▸ **EXERCISE DATA**

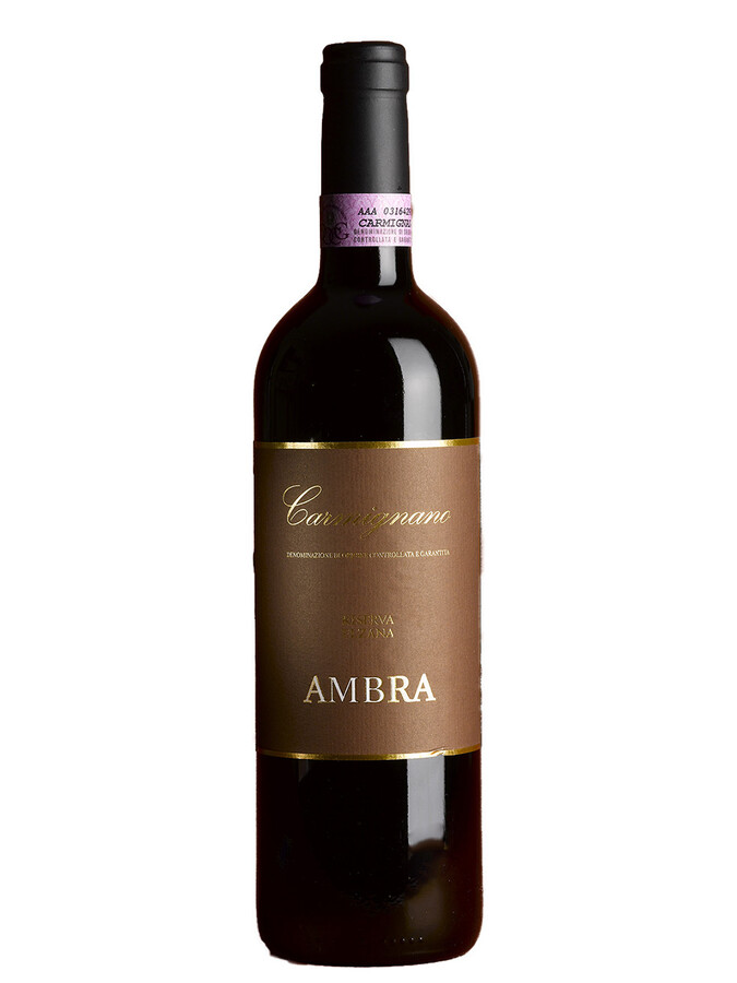 Carmignano Riserva Vigneti Elzana di Ambra, dai toni rubino scuri e riflessi granati, profumo elegante intenso di spezie. In bocca asciutto mantiene coerenza e polpa, un tannino più incisivo che sorregge la trama e la spinge a lungo.
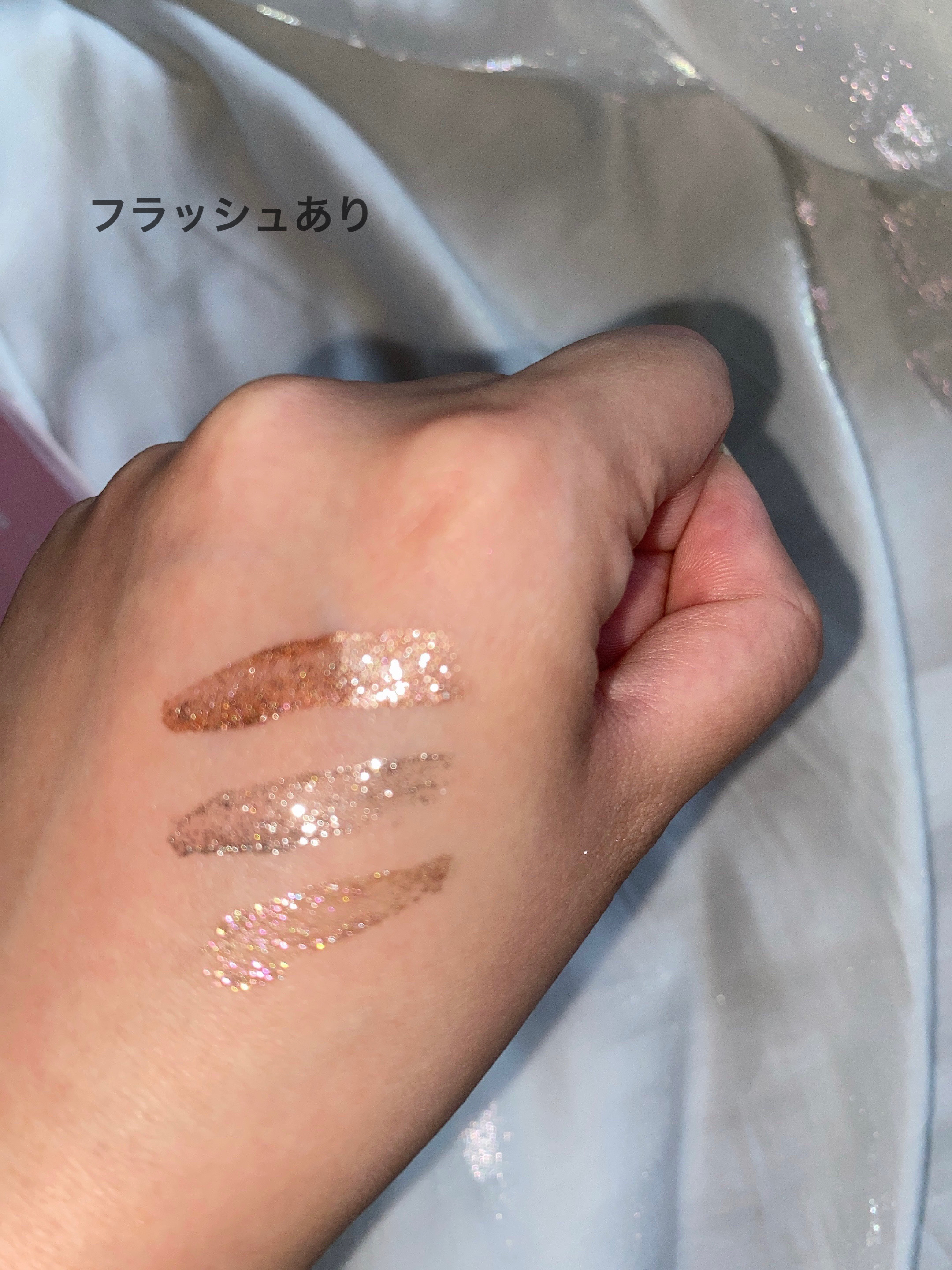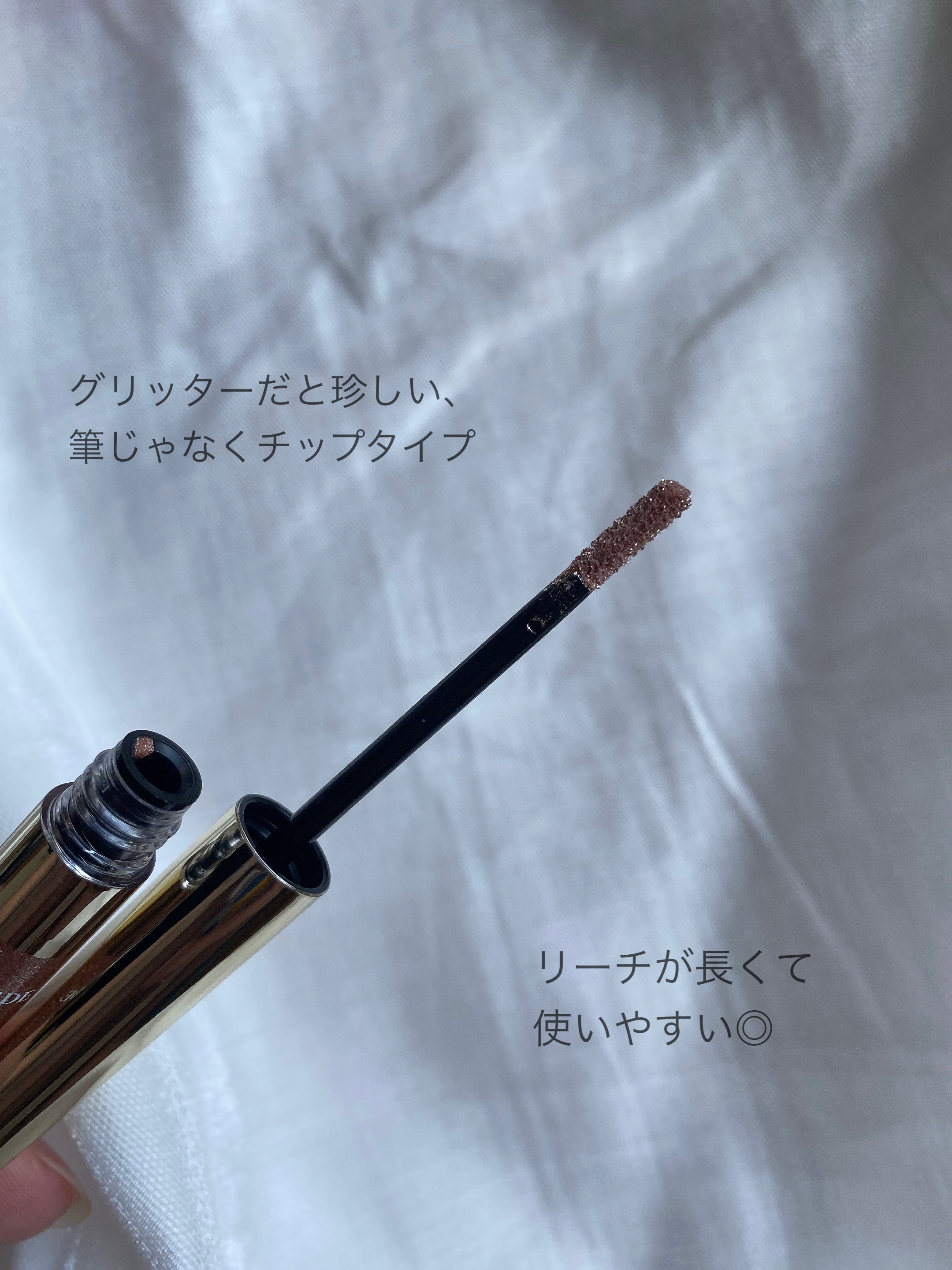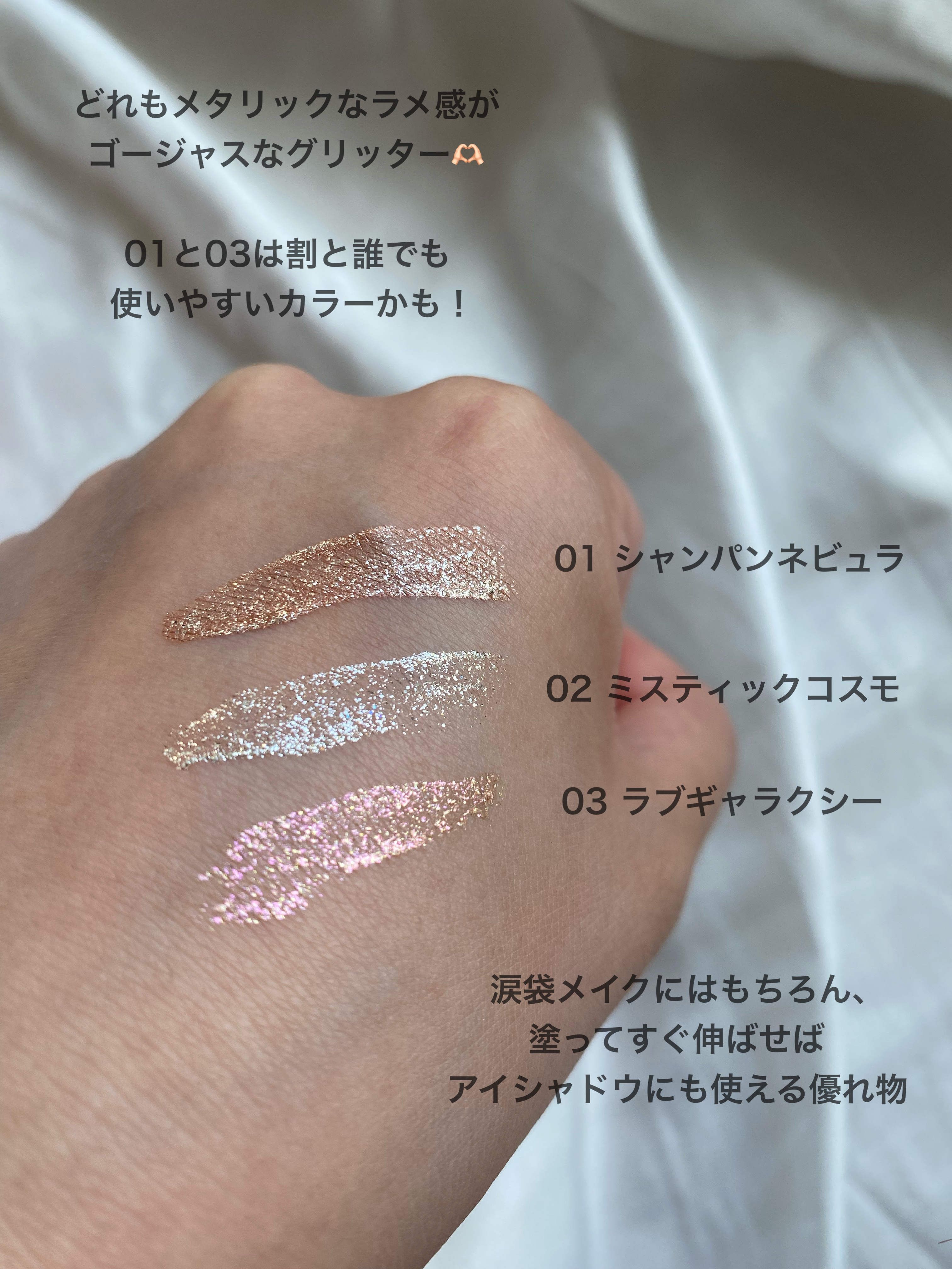 - ・星のように煌めくメタリックなホロパール ホロパールがふんだんに含まれたグリッターが星のように煌めきます。光の当たり方や角度によってグリッターの表情が変化して、目元を強調します。また3種がそれぞれ異なるパール感で、様々な印象に仕上げます。 ・塗りやすいチップでピタッと密着 細くやわらかいチップで量を調整しやすく、繊細なグリッターメイクを表現できます。 塗った瞬間肌にしっかり密着し、ポロポロ落ちにくく、煌めく発色をキープします。 <使用方法> チップに適量をとり涙袋やまぶたにのせます。指で塗りのばしてなじませます。 涙袋:アイライナーをひくように涙袋にのせます。 まぶた:アイシャドウのあとに点でまぶたにのせ、指でなじませます。 ※キャップを開封する際、液がとび散らないようにご注意ください。
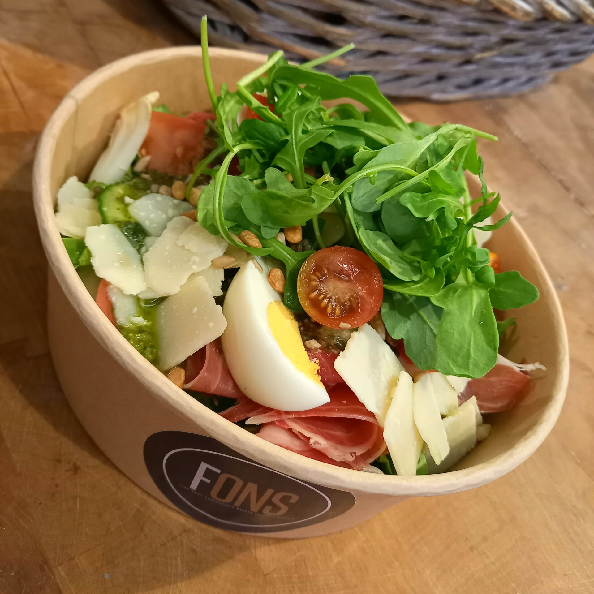 Serranoham, groene pesto, parmezaanse kaas, rucola, lente-ui, ei, tomaat, komkommer, sla...
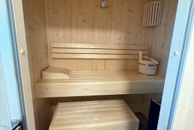 Im Bad steht eine integrierte Sauna zur Verfügung.
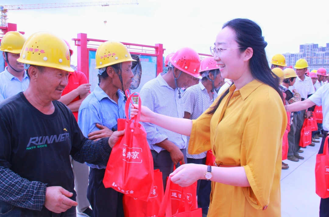 洪慧娟深入施工現場,仔細察看了施工環境,詳細了解了工程進度,親切詢問了職工們的作息時間,對大家頂烈日冒酷暑地辛勤工作和項目部各類嚴謹可行的高溫保障措施表示高度贊揚,并為他們送上了花露水、毛巾等解暑降溫的慰問物資。
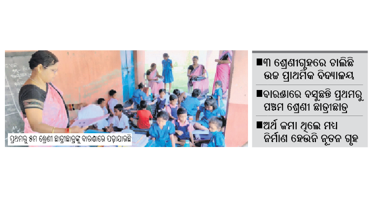 ବୈଶାଖ ମାସର ଟାଣ ଖରାରେ ଛୋଟ ପିଲାମାନେ ସ୍କୁଲ ବାରଣ୍ଡାରେ ବସି ପାଠ ପଢ଼ୁଛନ୍ତି। ୮ଟି କ୍ଲାସ ପାଇଁ ମାତ୍ର ୪ଜଣ ଶିକ୍ଷକ ଅଛନ୍ତି। ନୂତନ ଶ୍ରେଣୀଗୃହ ଓ ଶିକ୍ଷକ ନିଯୁକ୍ତି ପାଇଁ ସରକାର ତୁରନ୍ତ ବ୍ୟବସ୍ଥା କରନ୍ତୁ।
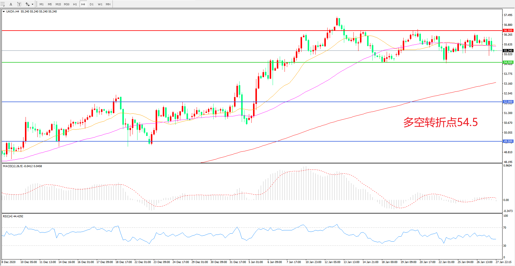 交易策略:  在54.50之上看涨,目标56.50    60.00
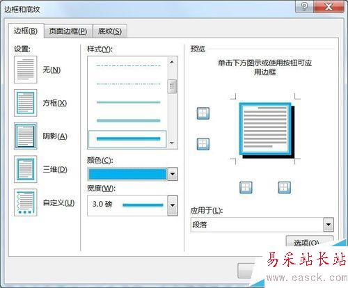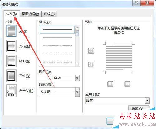 4、在彈出的“邊框和底紋”對話框中選擇“邊框”選項卡
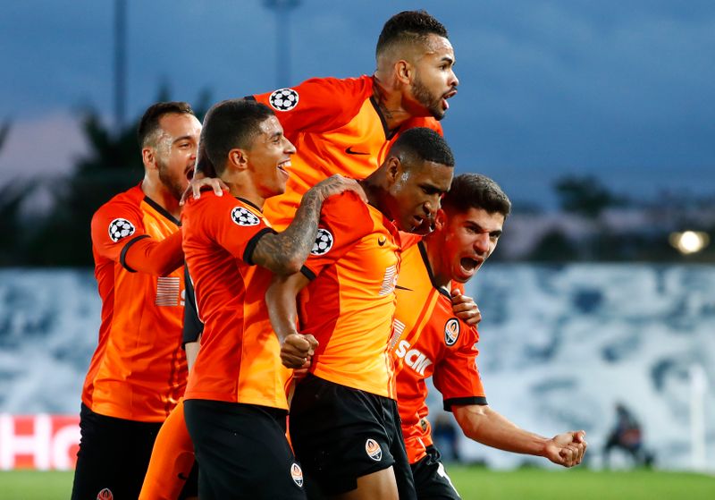 El centrocampista brasileño Tete abrió el marcador para el Shakhtar a los 29 minutos y el defensor del Madrid Raphael Varane amplió la ventaja del visitante a los 33 con un gol en propia puerta. El delantero israelí Manor Solomon puso el 3-0 a los 42.
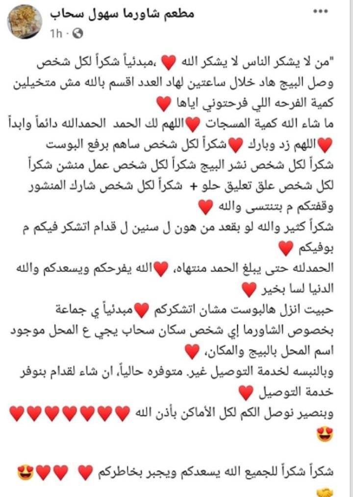 وفي اقل من ساعات من نشر المناشدة انهالت طلبات الشراء على المطعم الكائن جنوبي العاصمة عمان الذي اصبح حديث الرأي العام بعد مناشدة الفتاة .

▸ **TRY IT**
All that is needed is an exact copy of the entries above, minus the pictures.

▸ **RESPONSE TO THIS TASK**
 Carmignano Riserva Vigneti Elzana di Ambra, dai toni rubino scuri e riflessi granati, profumo elegante intenso di spezie. In bocca asciutto mantiene coerenza e polpa, un tannino più incisivo che sorregge la trama e la spinge a lungo.
 - ・星のように煌めくメタリックなホロパール ホロパールがふんだんに含まれたグリッターが星のように煌めきます。光の当たり方や角度によってグリッターの表情が変化して、目元を強調します。また3種がそれぞれ異なるパール感で、様々な印象に仕上げます。 ・塗りやすいチップでピタッと密着 細くやわらかいチップで量を調整しやすく、繊細なグリッターメイクを表現できます。 塗った瞬間肌にしっかり密着し、ポロポロ落ちにくく、煌めく発色をキープします。 <使用方法> チップに適量をとり涙袋やまぶたにのせます。指で塗りのばしてなじませます。 涙袋:アイライナーをひくように涙袋にのせます。 まぶた:アイシャドウのあとに点でまぶたにのせ、指でなじませます。 ※キャップを開封する際、液がとび散らないようにご注意ください。
 Serranoham, groene pesto, parmezaanse kaas, rucola, lente-ui, ei, tomaat, komkommer, sla...
 Im Bad steht eine integrierte Sauna zur Verfügung.
 洪慧娟深入施工現場,仔細察看了施工環境,詳細了解了工程進度,親切詢問了職工們的作息時間,對大家頂烈日冒酷暑地辛勤工作和項目部各類嚴謹可行的高溫保障措施表示高度贊揚,并為他們送上了花露水、毛巾等解暑降溫的慰問物資。
 ବୈଶାଖ ମାସର ଟାଣ ଖରାରେ ଛୋଟ ପିଲାମାନେ ସ୍କୁଲ ବାରଣ୍ଡାରେ ବସି ପାଠ ପଢ଼ୁଛନ୍ତି। ୮ଟି କ୍ଲାସ ପାଇଁ ମାତ୍ର ୪ଜଣ ଶିକ୍ଷକ ଅଛନ୍ତି। ନୂତନ ଶ୍ରେଣୀଗୃହ ଓ ଶିକ୍ଷକ ନିଯୁକ୍ତି ପାଇଁ ସରକାର ତୁରନ୍ତ ବ୍ୟବସ୍ଥା କରନ୍ତୁ।
 交易策略:  在54.50之上看涨,目标56.50    60.00
 4、在彈出的“邊框和底紋”對話框中選擇“邊框”選項卡
 El centrocampista brasileño Tete abrió el marcador para el Shakhtar a los 29 minutos y el defensor del Madrid Raphael Varane amplió la ventaja del visitante a los 33 con un gol en propia puerta. El delantero israelí Manor Solomon puso el 3-0 a los 42.
 وفي اقل من ساعات من نشر المناشدة انهالت طلبات الشراء على المطعم الكائن جنوبي العاصمة عمان الذي اصبح حديث الرأي العام بعد مناشدة الفتاة .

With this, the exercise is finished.